Patients taking GLIPIZIDE TABLETS who experience asthenia should discuss this symptom with their healthcare provider to determine whether it may be related to their medication and what alternatives may be available.
ASTHENIA is a less commonly reported adverse event for GLIPIZIDE TABLETS, but still significant enough to appear in the safety profile.
In addition to asthenia, the following adverse reactions have been reported for GLIPIZIDE TABLETS:
The following drugs have also been linked to asthenia in FDA adverse event reports:
ASTHENIA has been reported as an adverse event in 1,782 FDA reports for GLIPIZIDE TABLETS. This does not prove causation, but indicates an association observed in post-market surveillance data.

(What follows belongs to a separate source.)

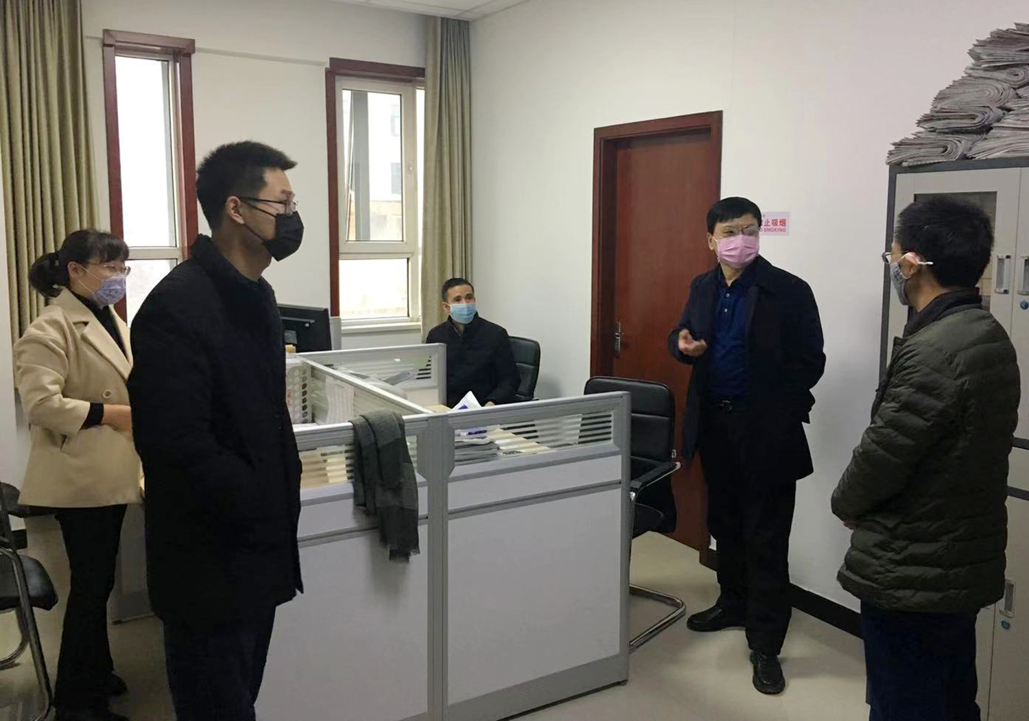范永勝同志對(duì)往來人員登記表進(jìn)行了詳細(xì)查看,要求工作人員要加強(qiáng)防范意識(shí),做好消菌殺毒、通風(fēng)換氣等必要措施。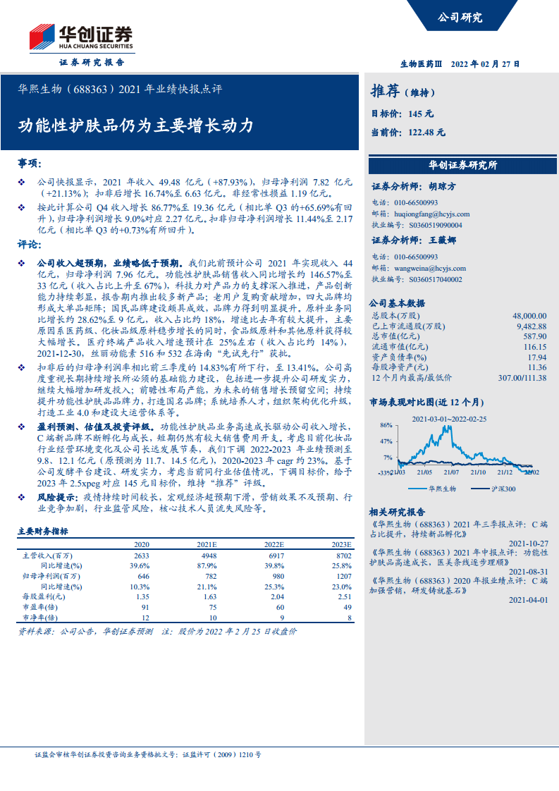 华熙生物(688363)2021年业绩快报点评:功能性护肤品仍为主要增长动力

ASTHENIA accounts for approximately 1.8% of all adverse event reports for GLIPIZIDE TABLETS, making it a notable side effect.
If you experience asthenia while taking GLIPIZIDE TABLETS, contact your healthcare provider. They can evaluate whether the symptom is related to your medication and discuss potential adjustments to your treatment plan. Do not stop taking prescribed medication without consulting your doctor.